My additional song today is ‘If I Can Dream’.
I dedicate my song today to any parent and child who are missing seeing each other due to the lockdown situation in our country caused by the Coronavirus pandemic outbreak.
Lockdown is particularly hard to endure if you are living on your own as four of my five children do. All my children are aged between 35 and 45 years of age. Only my son James is married with a family and living in France.
William lives in Australia and his nomadic lifestyle makes him more dangerous than most with his constant and extensive travel. Adam has worked in Care Homes for at least a decade and has personally nursed and attended to several residents who have contracted Coronavirus. Adam is invariably working 12-hour shifts and is genuinely fearful for his own continued safety but is totally committed to his work. My son, Matthew works in a food processing factory in Barnsley and finds it impossible to maintain a social distance between himself and other workmates throughout his shift, but needs to work. My daughter, Rebecca lives in London. She is presently working from home and told me on the phone last night that the only place she has been outside the house during the past two months is to the bin. Rebecca has had asthma all her life and is also in a vulnerable category of person.
Most of my regular post readers will know that I am aged 77 years, I have three body cancers (blood, skin and rectal cancers). My blood cancer is incurable and robs me of any effective immune system. Ironically, what all people confined to their homes or hospital during the present lockdown across the country are currently experiencing, I have experienced for nine months each year for six of the past seven years.
I, spoke with my daughter Rebecca on the phone last night and she sounded most unhappy, a bit depressed, and is generally fed up with the current lockdown situation and pervasive killer virus. Rebecca is my only daughter and she visits me the more often than any of my other children. She loves having a weekend from Friday until Sunday night staying at our house with me and Sheila every few months. We usually play rummy and invariably, I win! In fact, the spare room where Becky sleeps is called ‘Becky’s Room’ by me and Sheila whenever we are describing it.

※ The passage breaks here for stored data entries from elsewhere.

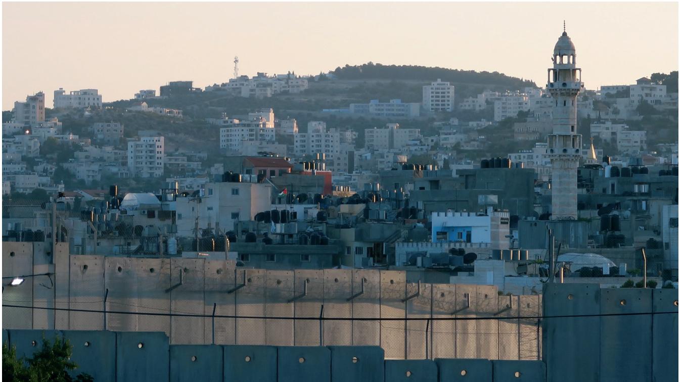
Aida Refugee Camp, Palestine, May 30, 2015
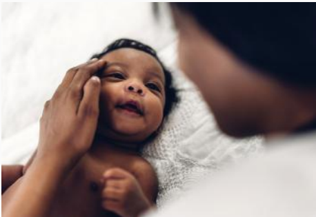
Postpartum & Infant Care
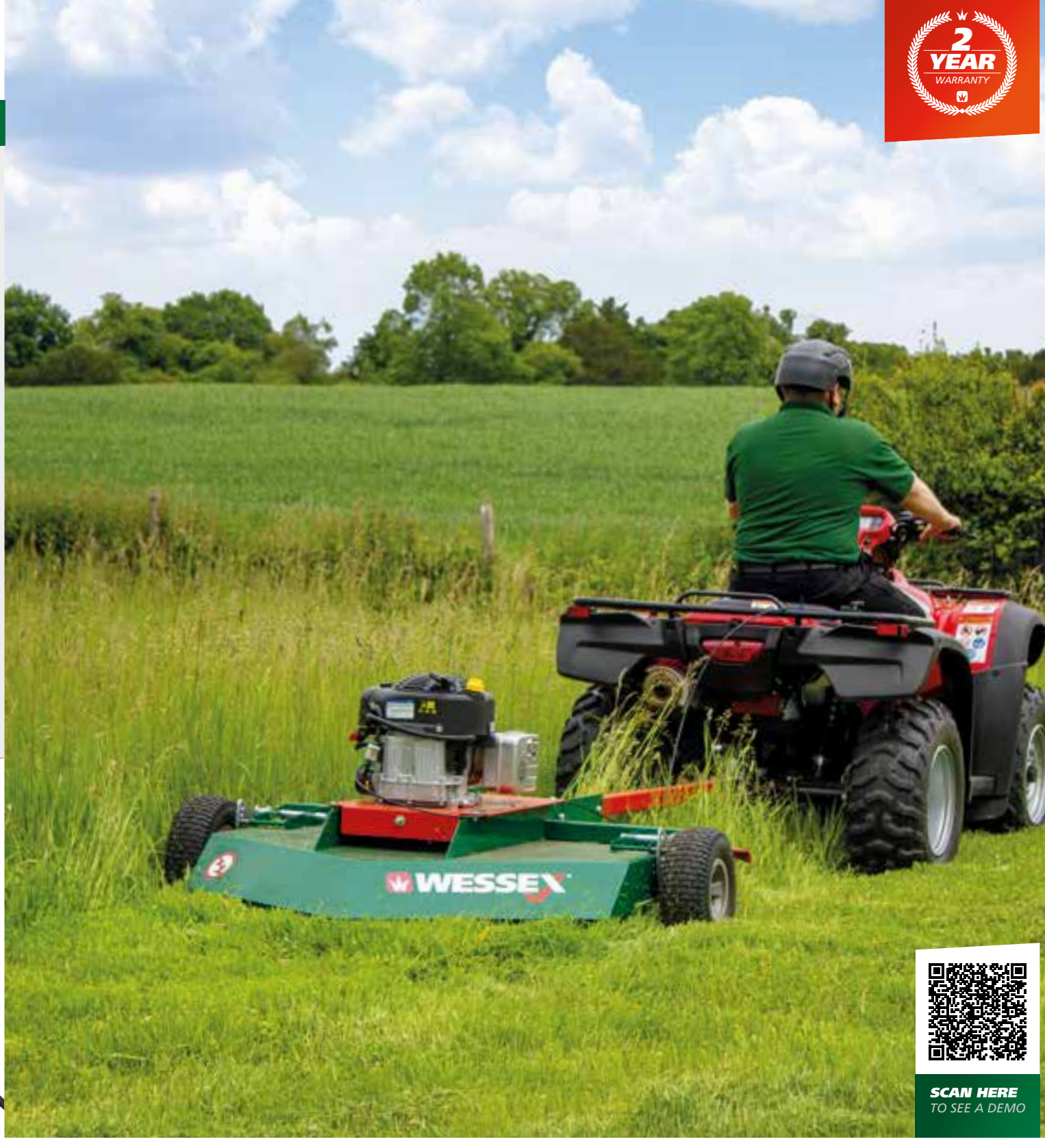
SIMPLE HEIGHT ADJUSTMENT
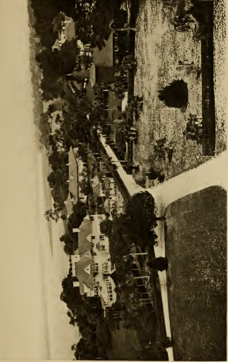
FROM CLUB HOUSE LOOKING NORTH
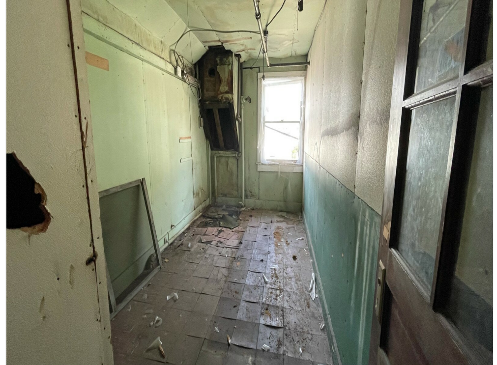
2nd Floor - Side Room
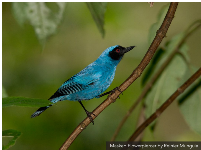
Masked Flowerpiercer
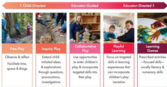
Pedagogical Strategies for Play-Based Learning

Play-based learning can be described along a continuum. The aim of this continuum is to highlight the different forms of play and the wonderful ways they can support a child's development.
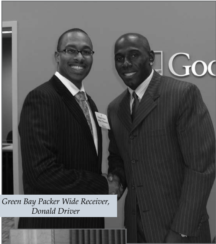
Green Bay Packer Wide Receiver, Donald Driver
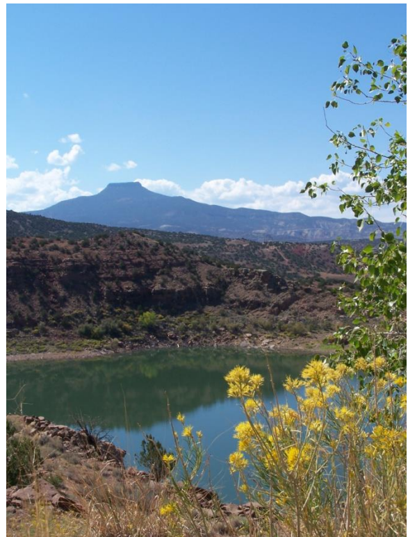
Pedernal and Abiquiu Lake

13. At Santa Cruz Lake , the Rio del Medio and Rio Frijoles are impounded behind Santa Cruz Dam, built in 1929 by the Santa Cruz Irrigation District, which regulates water releases for agricultural use in the Santa Cruz Valley. The Bureau of Land Management manages the recreation area, which comprises rugged, rolling foothills, characterized by mesas and steep canyons.
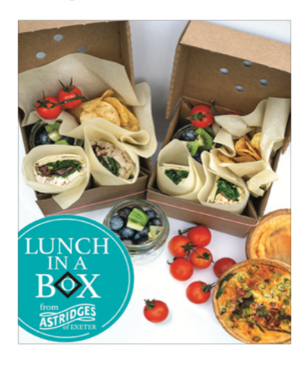
Lunch in Box £11.50
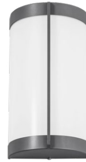
GM finish, WHA diffuser
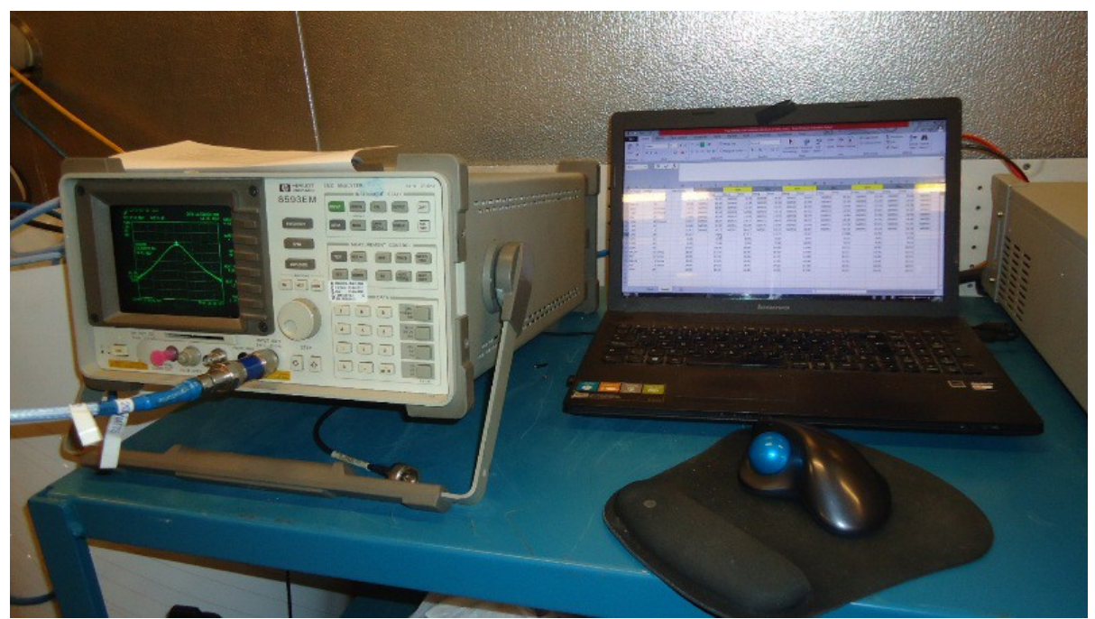
Figure 5.1 - Test Setup - Measurement system
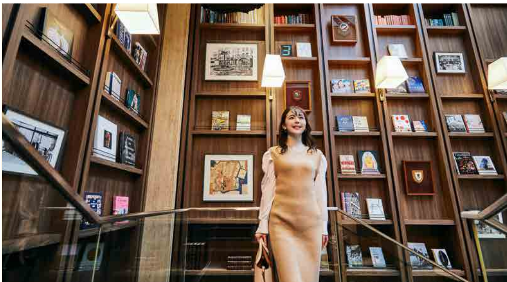
Central staircase 1st-2nd floor
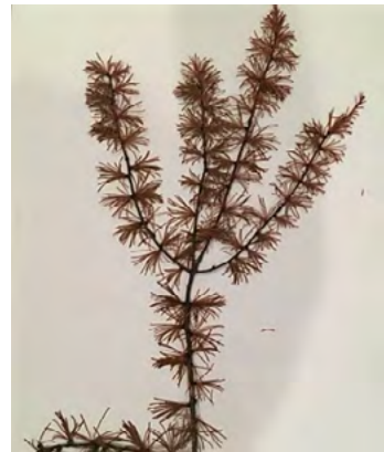
Tamarack (red larch)

Finally, the research team has also created brochures to share the information collected and also facilitated a workshop at Wahta' Elementary School. These activities aim to take part in any type of project that affects the health of members, the transmission of knowledge and the practice of its customary activities on the Nionwentsio in the context of climate change. In the same vein, a second article will present two important plants in the history of the Huron-Wendat people, namely cow parsnip – poglus ( Heracleum maximum ) and the savoyane – threeleaf goldthread ( Coptis trifolia ).
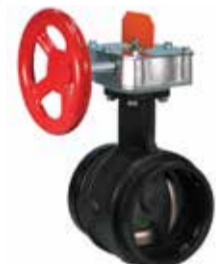
SERIES 705 FireLock™ Butterfly Valve - Supervised Open 2" - 12" | DN50 - DN300 Submittal 10.81
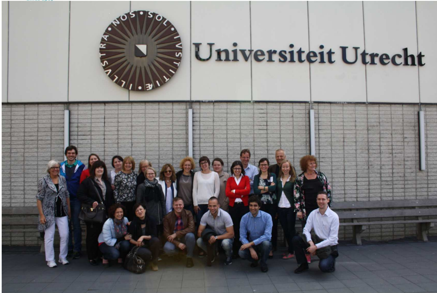
First event - May 2015, Utrecht University, The Netherlands

A European Network with a Global Outlook
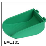
BAC105 Storage bin, 8mm
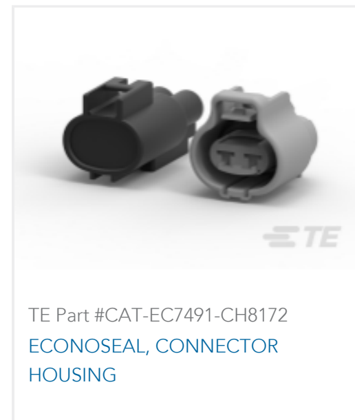
TE Part #CAT-EC7491-CH8172 ECONOSEAL, CONNECTOR HOUSING
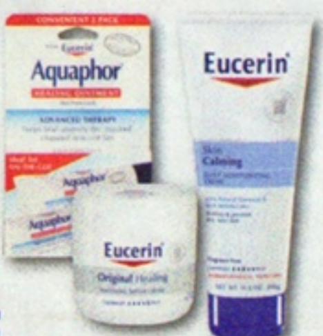
All Eucerin and Aquaphor Skin Care and Baby Care
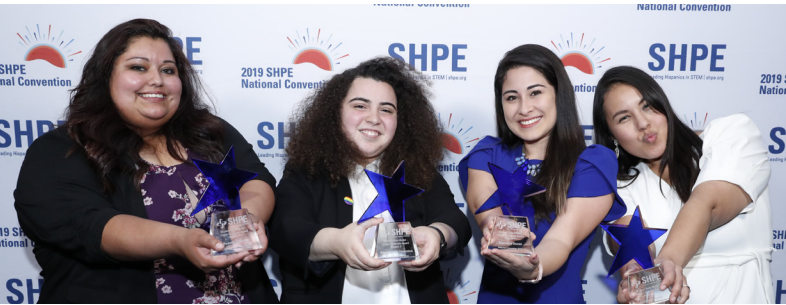
Student Role Models 2019 Winners
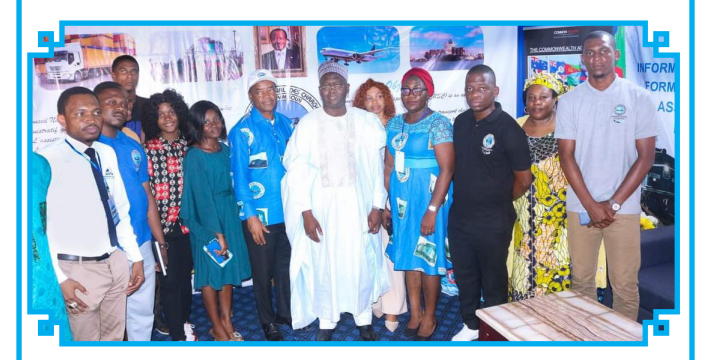
GM SIC visiting CNSC's stand

Missions, achievements and projects showcased at the trade fair.
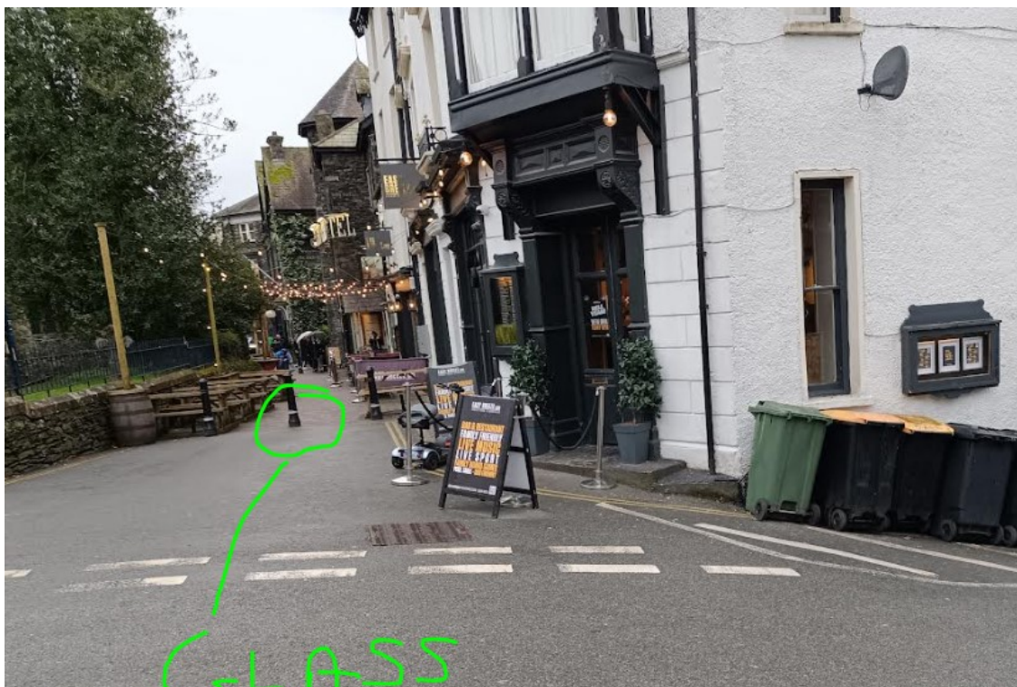
Pavements are blocked with Lago A boards and other A boards.

Already in other areas that have outside licensed areas Glass was all over the pavement outside the Easy Breeze just last Sat 16th March 2024 which i had to carry a dog over this broken glass.

When we spoke on the telephone last night, Rebecca was highly disappointed with my response. She has been confined to the house and her own company for the past two months and hasn’t visited me since last Christmas. She believes that the current relaxation of the lockdown and the planned return to school and work for many parents and children will bring about a second wave of the virus increase around mid-summer; effectively putting the country back into full lockdown where we started off. So she was planning to beat a possible feared 'second wave’ of the virus and visit me and Sheila for a weekend in June. I had to stress on her that wasn’t possible, given my age and category of vulnerability, and without sounding alarmist, that it might even be early next year before my category of person is no longer confined to the house, with no visitors allowed inside the house meanwhile.
My daughter was very disappointed and found this hard to accept. We both finished up having a weep. In fact, I only managed to get two hours of sleep last night. Rebecca knows that I love her to bits, as I know she does me also.
My most pressing dream now is to see my children again. Given my own health issues, I can only hope that my time is not called by the heavenly boatmen ‘to come back in’ without ever seeing any of my children again. I do not believe that will be the case, but I have enough realism about me to know that even the luckiest of cats only have nine lives to spend, and since I was born, I have now used up all nine of mine.
’Oh, If only I could give all my children a hug and a great big kiss? It is rare that I allow a low mood to overcome me, but even the strong have to bend with the weight of sadness occasionally or risk breaking the back of continued wellbeing. Please God, keep all our children, grandchildren and all family members safe from this deadly virus, and that the time will soon come when we are all able to safely meet again in a family setting once more.